Post by The Gentleman on Sept 10, 2013 18:08:25 GMT -8
I once fell from a great height.
It still haunts my dreams sometimes, before (or maybe after, it's hard to tell) something happens. Something important. Something terrible. My eyes close and I'm young again, and all that surrounds me is the sky.
I thought I would be frightened. It seems like I should have been frightened. But instead, for the first time in my life, I felt a great sense of weightlessness. Not just of physicality, but of spirit. The weight of five thousand years of tradition and culture was like an old heavy suit I stepped out of in the plane before I jumped. The air that rushed past was like a cold blade that cut away all of the residue of my life. Who I was, how I had come to be, who I was becoming were all sliced away, leaving only me and the endless blue sky.
It was almost a disappointment when the chute opened. Once again I could feel the weight of life catch hold of me and begin to drag me inexorably down. I can't clearly remember any of the jumps I made, they all bleed together in my mind. The chute opens and I look up to see a blue so deep that I want to pour all of me out into it, but then I look down and I'm plummeting toward a dark earth, covered in shadow. I know that when I land, I will become something else. I will lose something important that I can never get back. There will never again be any innocence left to me. It will all be lost in French and German mud, soaked with the blood of millions.
I had that dream last week. It's why I came back to Seattle.
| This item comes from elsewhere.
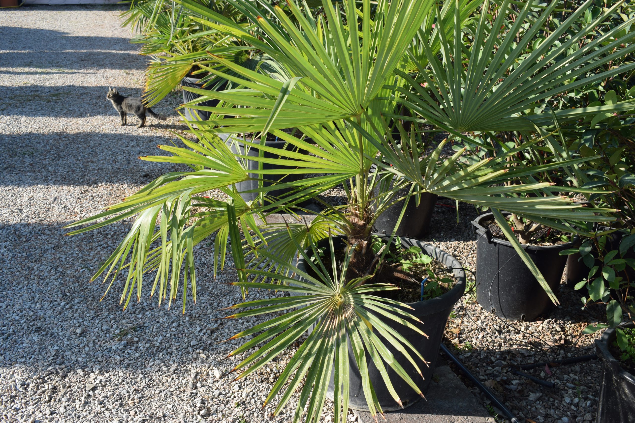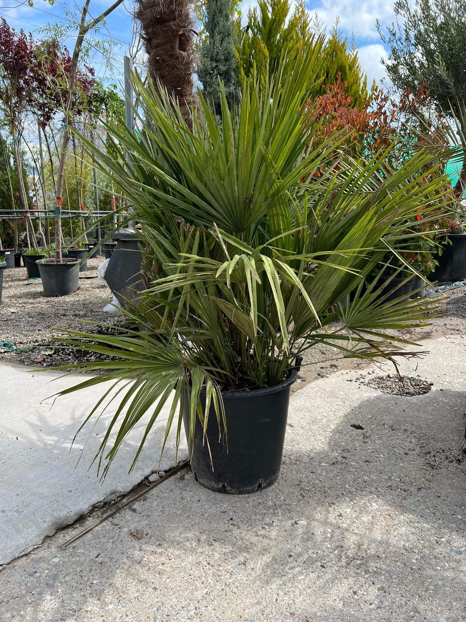 Διαθέτει πράσινα παλαμοσχιδή φύλλα με αγκαθωτούς μίσχους. Έχει πολλαπλούς κορμούς που ξεκινούν από τη βάση και σχηματίζουν πλατιά κόμη.

It will probably be why I leave again. The court killed, hands on blades in Elysium, bared fangs everywhere you looked . . . the same as before, every time before. The dominoes fell in their neat line, and I felt almost beyond caring. That frightened me more than the claws and looks of those around me. I'm not old enough for that yet. I can't be. There are still people here I care about, and I'd like to do them a good turn before I need to move on. Before I have the dream again.
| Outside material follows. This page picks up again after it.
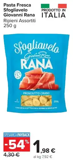 | Pasta Fresca Sfogliavelo Giovanni Rana 250 g | Carrefour Market | €4,30 | €1,98 | -54% | 15 gennaio 2026 | 26 gennaio 2026 | |
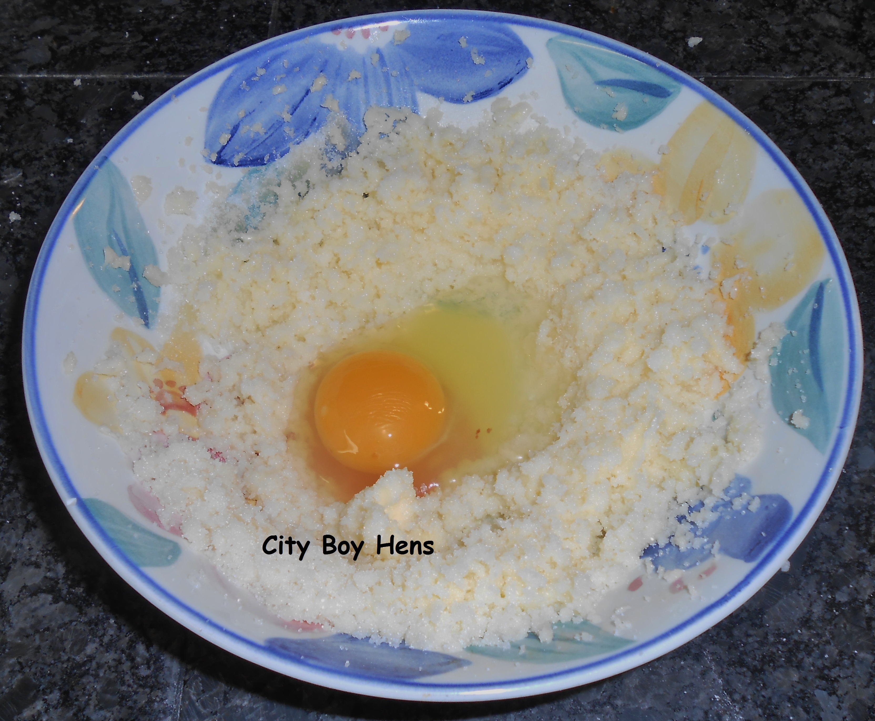 Cream together butter and sugar in a separate bowl. Beat in both eggs.

I'd like to stay, even though I can already feel the sky pulling at me. Seattle may be a hellhole, but it's the closest thing I have to a home. But . . . that color of blue makes me want to close my eyes and dream.
Maybe this will be the time I never hit the ground.
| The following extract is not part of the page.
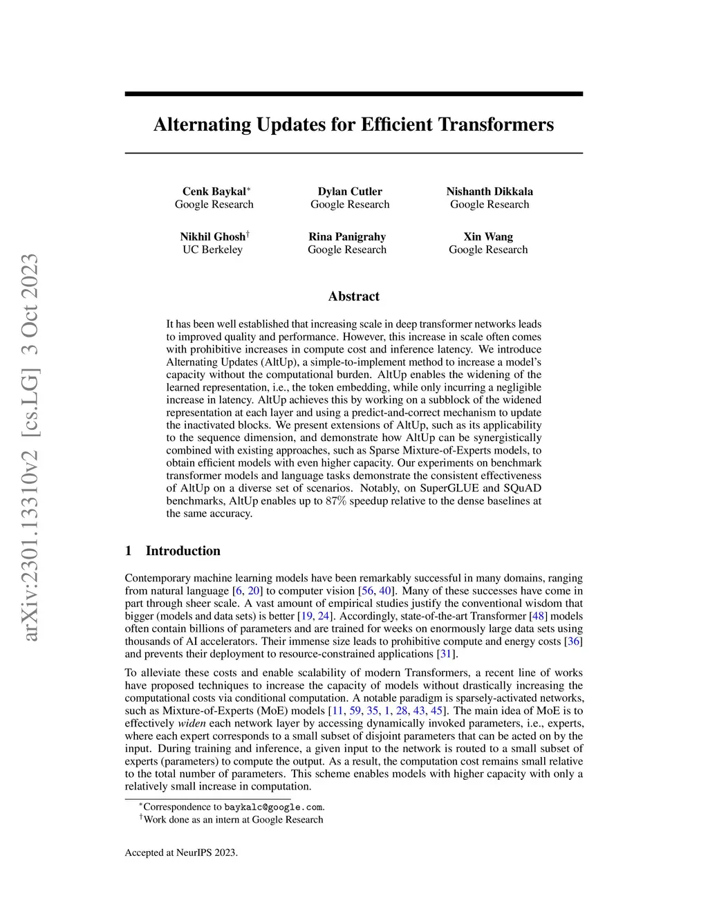 Alternating Updates for Efficient Transformers

It still haunts my dreams sometimes, before (or maybe after, it's hard to tell) something happens. Something important. Something terrible. My eyes close and I'm young again, and all that surrounds me is the sky.
I thought I would be frightened. It seems like I should have been frightened. But instead, for the first time in my life, I felt a great sense of weightlessness. Not just of physicality, but of spirit. The weight of five thousand years of tradition and culture was like an old heavy suit I stepped out of in the plane before I jumped. The air that rushed past was like a cold blade that cut away all of the residue of my life. Who I was, how I had come to be, who I was becoming were all sliced away, leaving only me and the endless blue sky.
It was almost a disappointment when the chute opened. Once again I could feel the weight of life catch hold of me and begin to drag me inexorably down. I can't clearly remember any of the jumps I made, they all bleed together in my mind. The chute opens and I look up to see a blue so deep that I want to pour all of me out into it, but then I look down and I'm plummeting toward a dark earth, covered in shadow. I know that when I land, I will become something else. I will lose something important that I can never get back. There will never again be any innocence left to me. It will all be lost in French and German mud, soaked with the blood of millions.
I had that dream last week. It's why I came back to Seattle. It will probably be why I leave again. The court killed, hands on blades in Elysium, bared fangs everywhere you looked . . . the same as before, every time before. The dominoes fell in their neat line, and I felt almost beyond caring. That frightened me more than the claws and looks of those around me. I'm not old enough for that yet. I can't be. There are still people here I care about, and I'd like to do them a good turn before I need to move on. Before I have the dream again.
I'd like to stay, even though I can already feel the sky pulling at me. Seattle may be a hellhole, but it's the closest thing I have to a home. But . . . that color of blue makes me want to close my eyes and dream.
Maybe this will be the time I never hit the ground.